The 291st Rifle Division (291-я стрелковая дивизия) was an infantry division of the Soviet Union's Red Army during World War II. Formed in the summer of 1941, the 290th fought in the siege of Leningrad until its end in January 1944, and then in the Baltic states, Poland, Germany, and Czechoslovakia before being disbanded after the end of the war in the summer of 1945.

== History ==

The 291st was formed in early July 1941 as the 11th Moscow Militia Division, which soon received a regular Red Army cadre and on 12 July became the 291st Rifle Division. Its basic order of battle included the 181st, 309th, and 1025th Rifle Regiments, as well as the 838th Artillery Regiment. Less than a month after its formation, the division was sent to Leningrad, and by 17 August was part of the city's Krasnogvardeysk fortified sector. At the beginning of September, the division was transferred to the 23rd Army, holding positions against Finnish attack north of the city. The division served with the 23rd Army until March 1943, when it transferred to the 55th Army of the Leningrad Front. In January 1944, when the Leningrad–Novgorod Offensive, which ended the siege, began, the division was part of the 67th Army. At the time, the average rifle company in the division had about 70 men, half of authorized strength.

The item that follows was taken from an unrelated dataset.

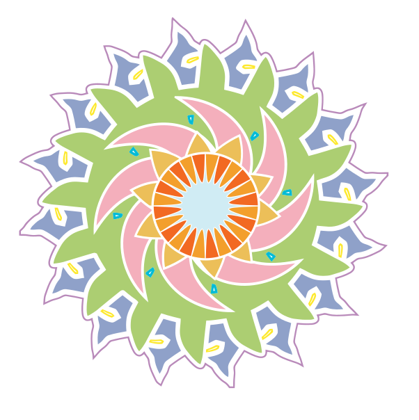 This features a colorful, abstract design with a central circle that is surrounded by various shapes and colors. This unique pattern resembles a flower or a sunburst, giving it an artistic and creative appearance. The circle in the center of the design has a yellow hue, while the surrounding shapes are filled with different shades of pink, green, blue, and orange. These vibrant colors create a visually appealing and lively atmosphere within the image.

In April 1944 the 67th Army was transferred to the 3rd Baltic Front, and the division became part of the army's 116th Rifle Corps. In September the division was withdrawn to the Reserve of the Supreme High Command where it remained for over three months. Returning to the front in December, the 291st became part of the 1st Ukrainian Front's 21st Army. The division fought in Poland, Germany, and northern Czechoslovakia for the rest of the war. The division was disbanded in the summer of 1945 with the Central Group of Forces.